2.4. Decreased Endometrial Epithelial Tight Junctions in PCOS
Elevated testosterone levels influence the integrity of tight junctions in the endometrial epithelium by decreasing Claudin 4 (Cldn4) and Occludin, both of which are integral proteins for maintaining tight junction integrity. This hormonal effect may have significant implications for the process of embryo attachment and subsequent implantation [46]. There is a notable reduction in Cldn4 and Cldn1 in the endometrial epithelium in PCOS, contributing to compromised intercellular junctions. This disruption might further impair the endometrial receptivity [40,47].

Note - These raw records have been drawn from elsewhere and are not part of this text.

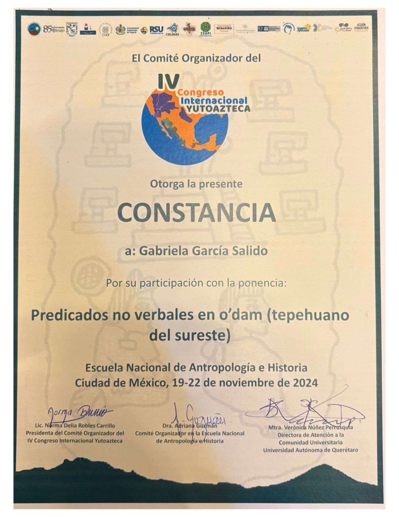 2024. Predicados no verbales en o’dam. Congreso Internacional Yutoaztecas. ENAH, México. 19 al 22 de noviembre de 2024.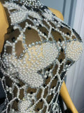 Haz una entrada memorable con este cautivador conjunto de vestido para mujer. Con elegantes adornos de perlas y pedrería, la elegante falda corta se combina con guantes de malla a juego, creando un efecto sexy y transparente, perfecto para eventos nocturnos, graduaciones, cumpleaños y sesiones de fotos. Su elegante diseño combina sofisticación y encanto, lo que lo convierte en la opción ideal para quienes buscan un atuendo de fiesta espectacular.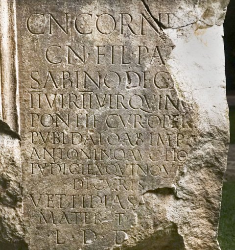 - Cn(aeo) Corne[lio] / Cn(aei) l(io) Pap(iria) / Sabino dec(urioni) a[ed(ili)] / IIviro IIviro quinq[uen(nali)] / pontif(ici) cur(atori) oper[um] / publ(icorum) dato ab Imp(eratore) [Caes(are)] / Antonino Aug(usto) Pio s[el(ecto)] / iudici ex qu- inque / decuri(i)s / Vettidia Sa[bina] / mater t(estamento) [p(oni) i(ussit)] / l(oco) d(ato) d(ecreto) [d(ecurionum)].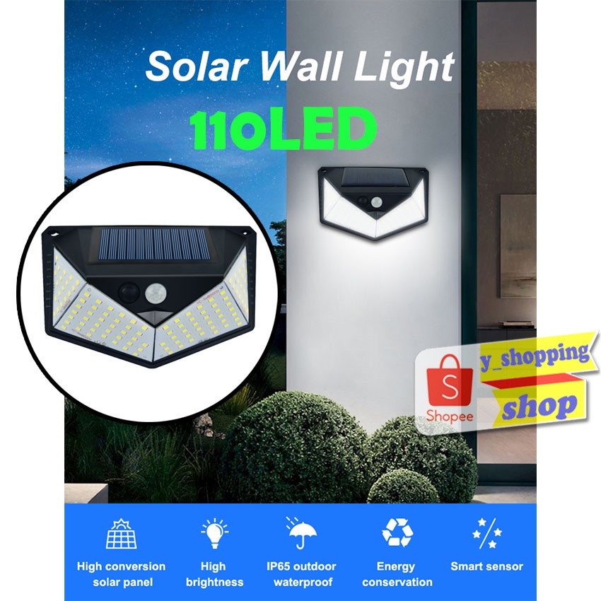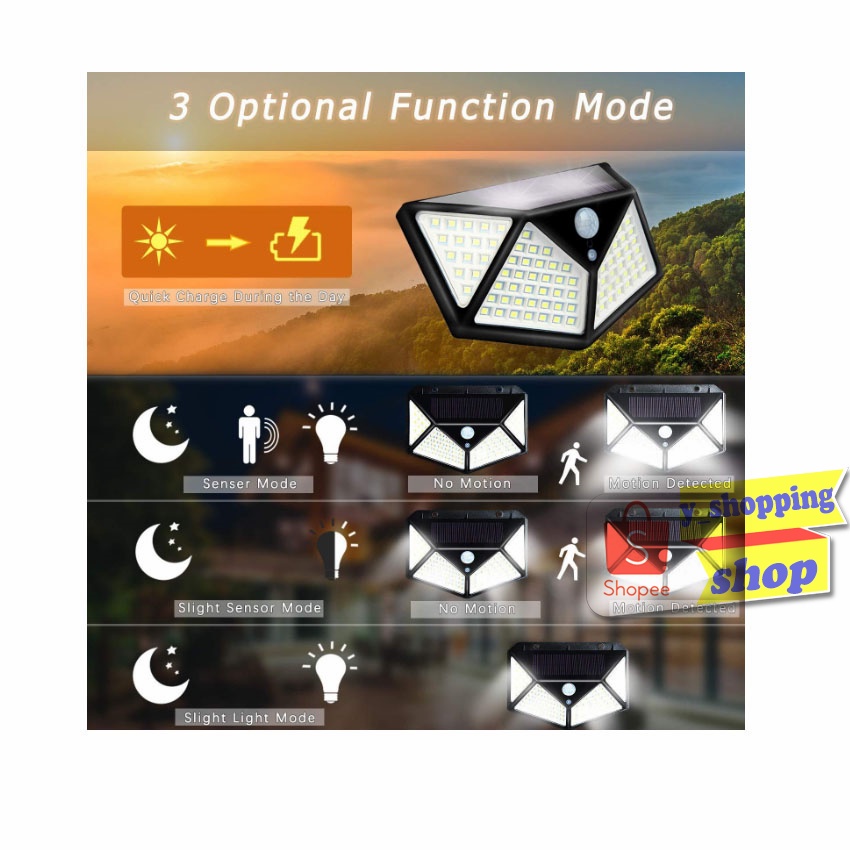 Solar motion sensor light 100 LED 3 โหมด ไฟออก4ทาง ไฟติดผนังโซล่าเซลล์พลังงานแสงอาทิตย์ เซ็นเซอร์ *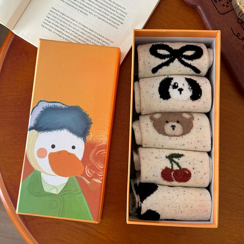 可爱袜子女中筒袜点子纱春秋冬款 小熊ins潮韩国卡通日系彩点长袜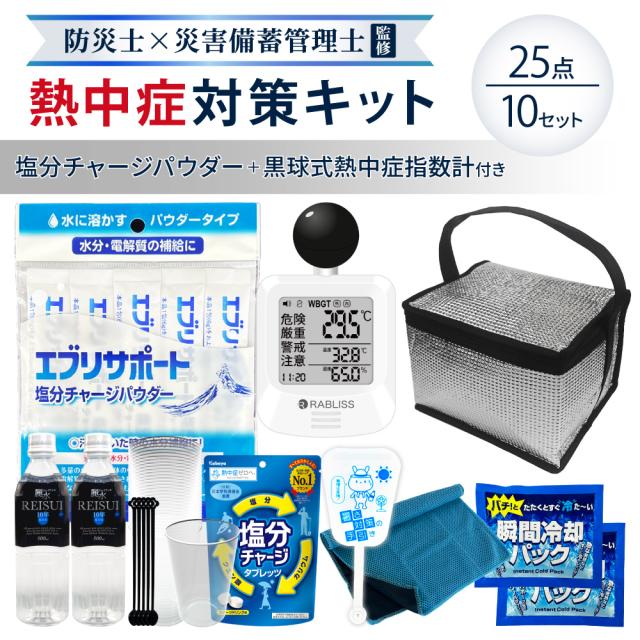 熱中症対策用品 熱中症対策キット シルバー 25点 10セット 黒球式熱中症指数計付き 塩分補給パウダー 熱中症対策グッズ WBGT 工事現場 農作業 ATK010K PEACEUP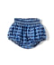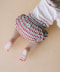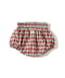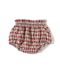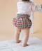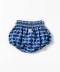 オリジナルのダイヤ柄と、ブロック柄のテキスタイルを使用したスペシャルなブルマ。やわらかい薄手の細畝コーデュロイを使用し履き心地も抜群。ウエストがフリルになっているので、ロンパースの上から穿くと一気に特別感のあるスタイルに!秋色タイツとの相性も抜群です。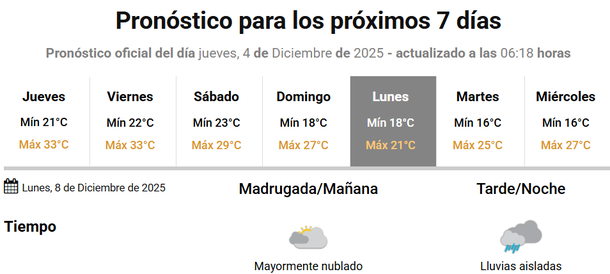 Para este lunes 8 de diciembre, luego de días con máximas de más de 30 grados, se esperan marcas térmicas que se ubicarán entre 18 y 21 grados, dando un alivio, que solo durará horas porque al día siguiente ya vuelve el calor.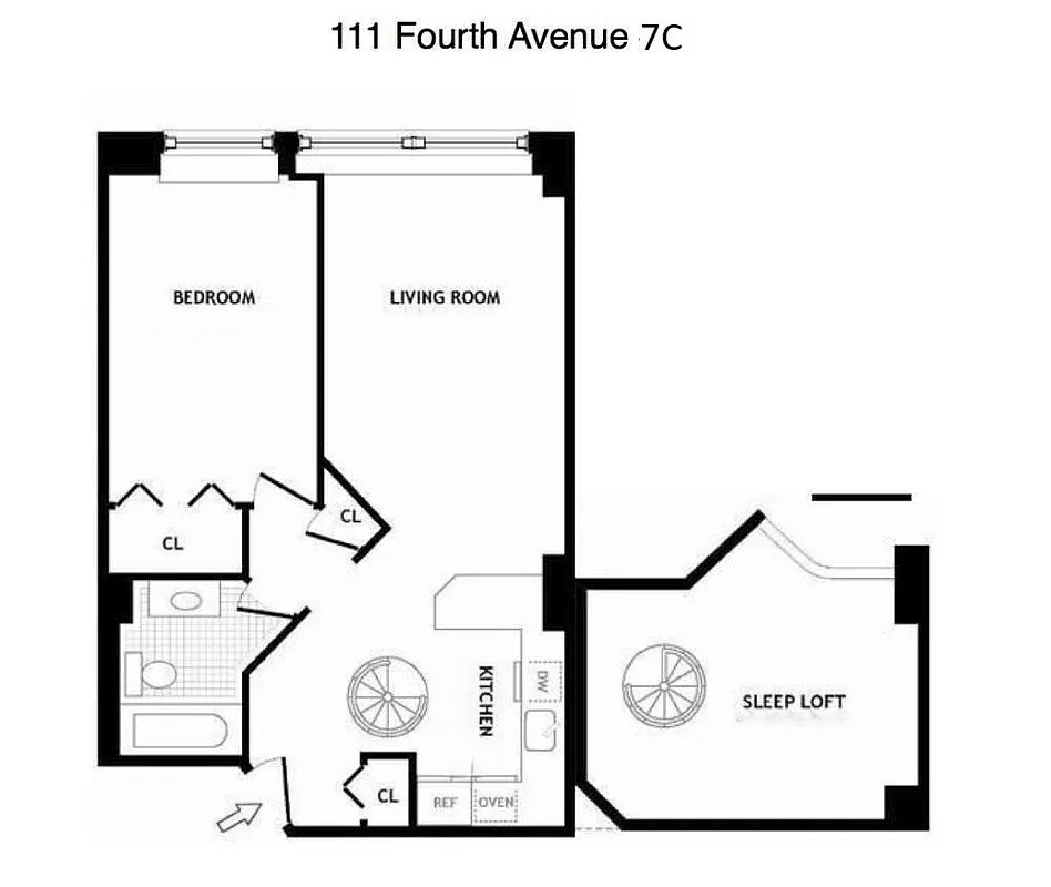 Welcome to Residence 7C, a quintessential New York loft ! This dramatic corner 1-bedroom + mezzanine, 1-bathroom home offers an inviting, open-concept living space that seamlessly blends historic style and comfort.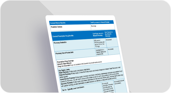 Covered Medical Benefits Cost if you use an In-Network Provider Prosthetic Devices No charge Cost if you use an In- Cost if you use a Covered Prescription Drug Benefits Network Pharmacy Non-Network Pharmacy Pharmacy Deductible $250 person / Not covered $750 family (does not apply to Tier 1a, Tier 1b drugs) Pharmacy Out-of-Pocket Limit Combined with In- Not covered Network medical out- of-pocket limit Prescription Drug Coverage Network: Base Network Drug List: Essential Drugs not included on the Essential drug list will not be covered. Day Supply Limits: Retail Pharmacy 30 day supply (cost shares noted below) Retail 90 Pharmacy 90 day supply (3 times the 30 day supply cost share(s) charged at In-Network Retail Pharmacies noted below applies). Home Delivery Pharmacy 90 day supply (maximum cost shares noted below). Maintenance medications are available through CarelonRx Pharmacy. You will need to call us on the number on your ID card to sign up when you first use the service. Specialty Pharmacy 30 day supply (cost shares noted below for retail and home delivery apply). We may require certain drugs with special handling, provider coordination or patient education be filled by our designated specialty pharmacy. Tier 1a - Typically Lower Cost Generic $5 copay per Not covered (retail and prescription, Pharmacy home delivery) deductible does not apply (retail) and $10 copay per prescription, Pharmacy deductible does not apply (home delivery) Tier 1b - Typically Generic $20 copay per Not covered (retail and prescription, Pharmacy home delivery) deductible does not apply (retail) and $40 copay per prescription, Pharmacy deductible does not apply (home delivery) Tier 2 – Typically Preferred Brand $50 copay per Not covered (retail and prescription after home delivery) Pharmacy deductible is met (retail) and $125 Page 5 of 10
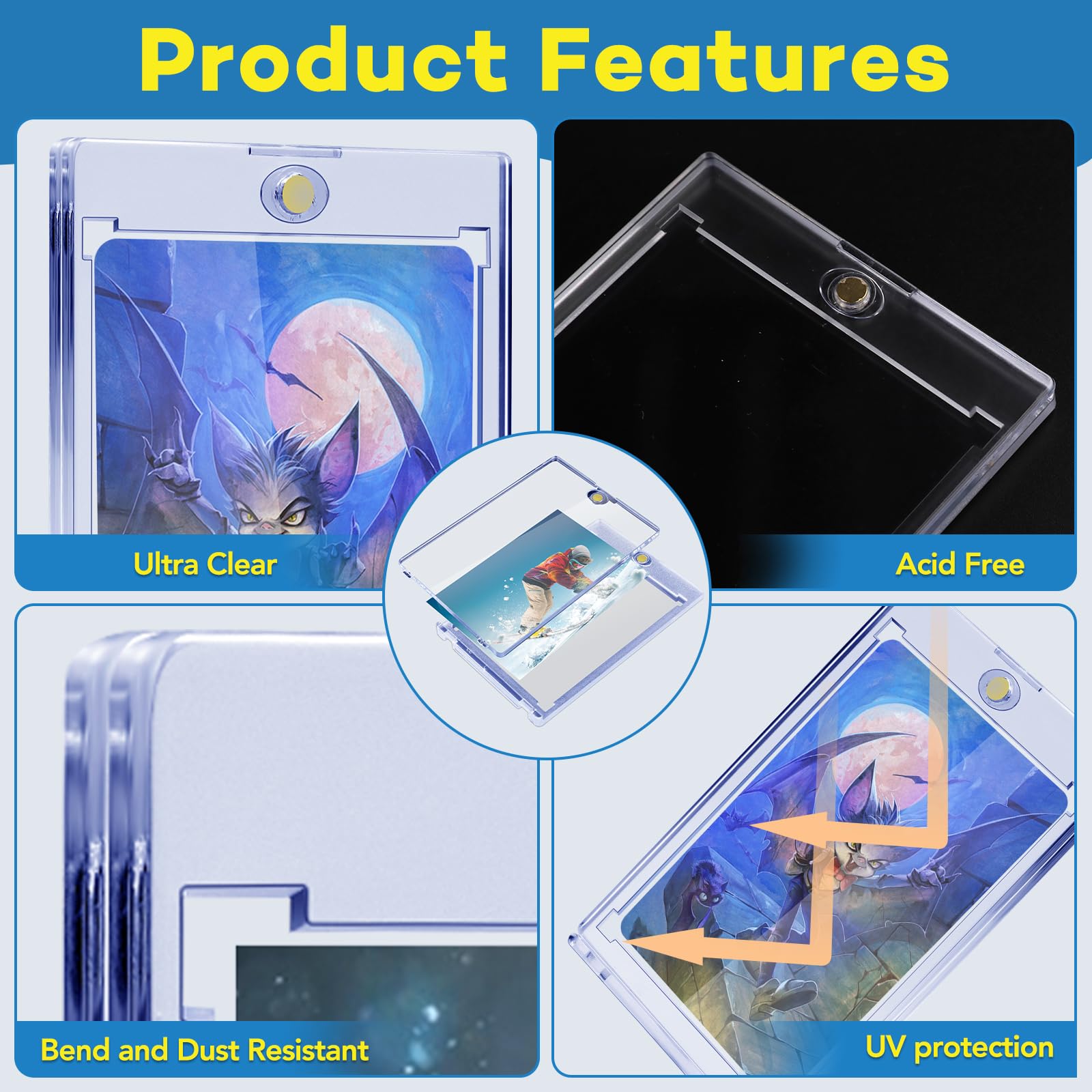- 【UV Protection & Clarity】Our one touch card holders feature a unique UV coating to reduce light exposure and prevent fading of your treasured sports cards, trading cards, and game cards. Each holder maintains perfect clarity for optimal card display

2.5. Insulin Resistance Impairs Endometrial Receptivity in PCOS
Hyperinsulinemia and insulin resistance are common features of PCOS. Excess insulin disrupts the hormonal equilibrium vital for the endometrium’s proper functioning. The corresponding insulin resistance in hyperinsulinemia further aggravates the situation by demanding higher insulin levels for maintaining glucose balance. Consequently, there is a disturbance in the expression of key molecules for endometrial receptivity. Consequently, hyperinsulinemia is associated with decreased activation of insulin receptor substrate 1 (InRS-1) and impaired glucose transport in the endometrial stroma, potentially through inflammatory pathways [19,48].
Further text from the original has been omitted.